6. Find a reliable source. CCC doesn’t package anything until it’s been ordered so the product remains fresh. Keane visits every farm she works with and observes their practices and procedures, tasting along the way as she creates trusting partnerships with her vendors. She suggests asking your local gourmet market various sourcing questions. “I didn’t trust anyone at first,” says Keane. “I want to be assured I am comfortable feeding my 7-year-old daughter the caviar. Now I have a community of people who I know will give me the absolute best because they know I know what I’m talking about and my palate can detect anything less than what I expect.”

7. Store your caviar properly. Caviar belongs in the coldest part of your refrigerator and with a packet of ice covering it. If throwing a party and having it shipped, caviar should arrive no more than two or three days before the event.
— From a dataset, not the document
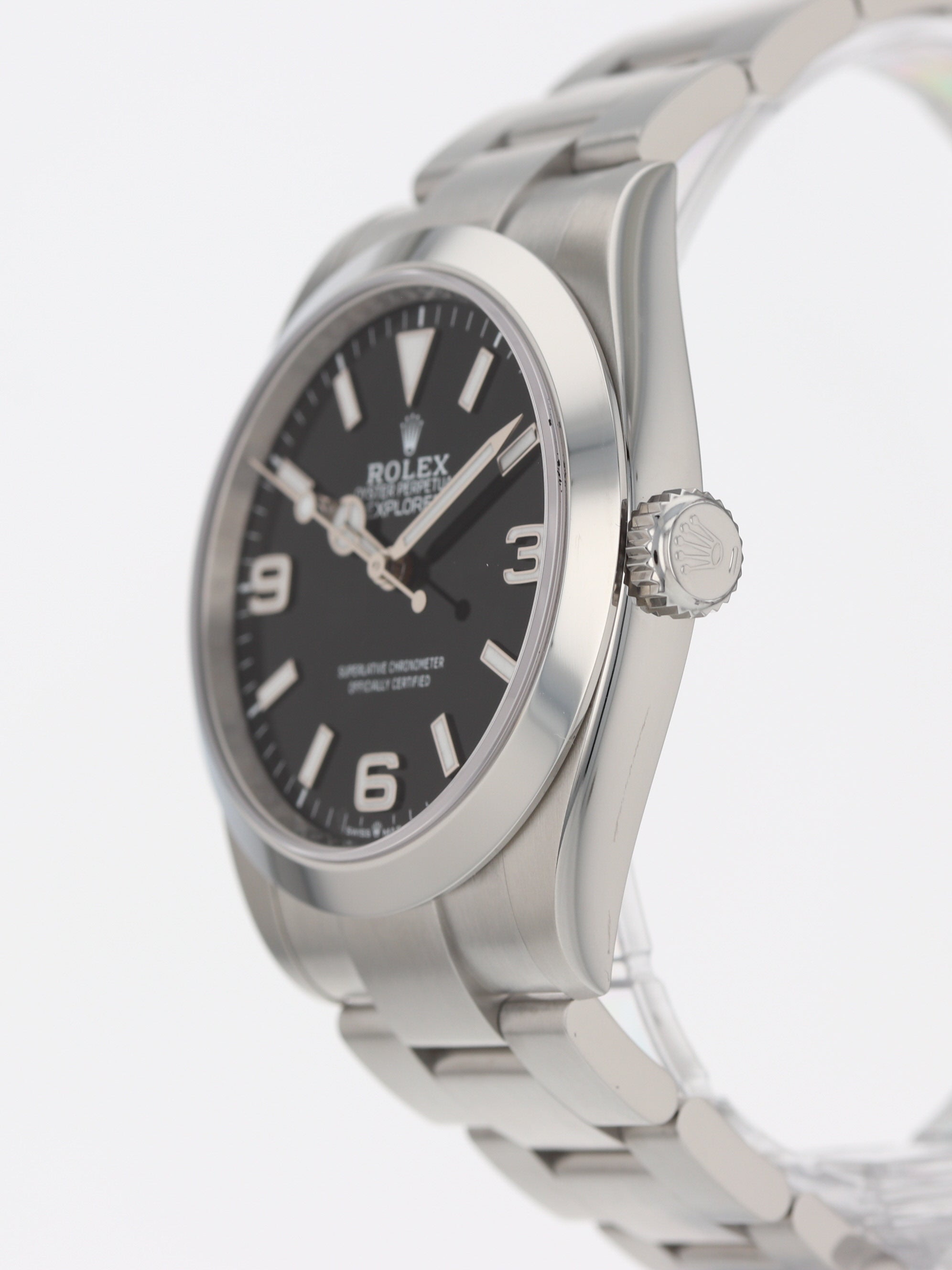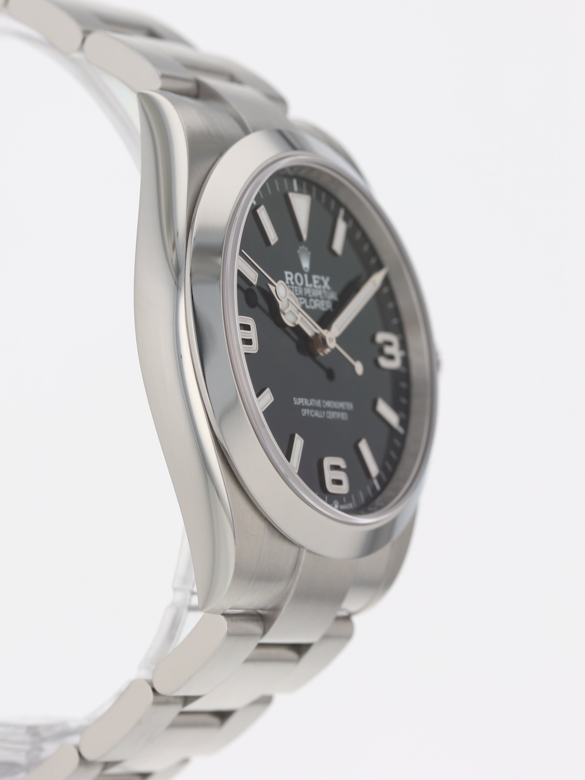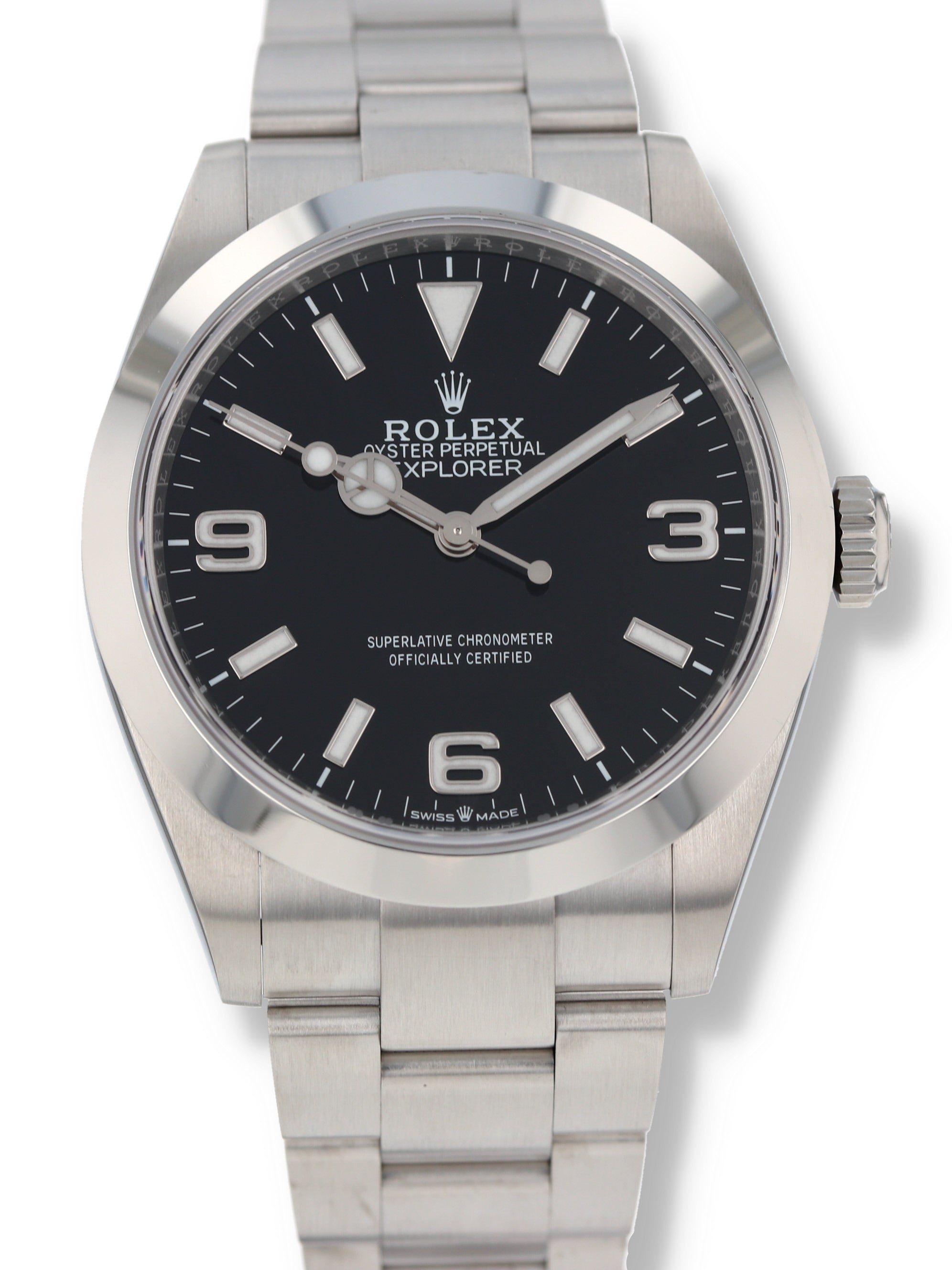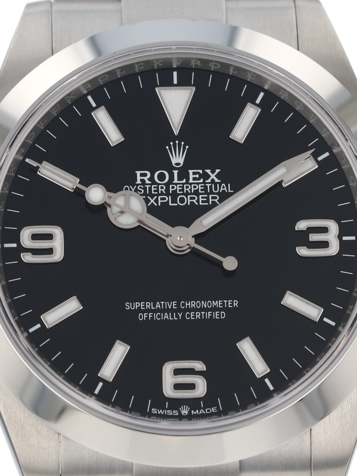 Rolex stainless steel Explorer, automatic, size 40mm. Rolex reference 224270 with a stainless steel case and Oyster bracelet with folding Oysterlock safety clasp and Easylink 5 mm comfort extension link. Black luminescent 3, 6, 9 Arabic dial, sapphire crystal. Rolex box and 2025 card. Five year full warranty.

If purchasing at a store, make sure the caviar is no where near produce and that the place it is being stored in is between 28 and 32 degrees. “Caviar is all oil so as it warms up, air and temperature affect its breathing process,” says Keane. “It’s like red wine. Caviar matures the moment you open it.” Since the pop on the palate is critical, it’s important to note that the longer caviar is left out, the softer it gets.

8. Taste it. CCC has their own tasting room where visitors can try their pressed lavender, bacon, and truffle infused caviars. Most places don’t get that fancy, but a good purveyor should be open to sampling. Caviar should taste creamy and nutty; not like the inside of a fish tank or like polluted waters. “The good thing about farmed caviar is that you control the flavors because you can process the best conditions,” says Keane.

Meanwhile, Keane is further helping to advance aquaculture sustainability. She is creating a process and product “that will change the caviar industry for the first time in 250 million years.” Her innovation plans to take CCC from being a sustainable green company that replaces what it takes from the environment, to a blue business where, “we won’t have to take at all from the environment to get the same results.”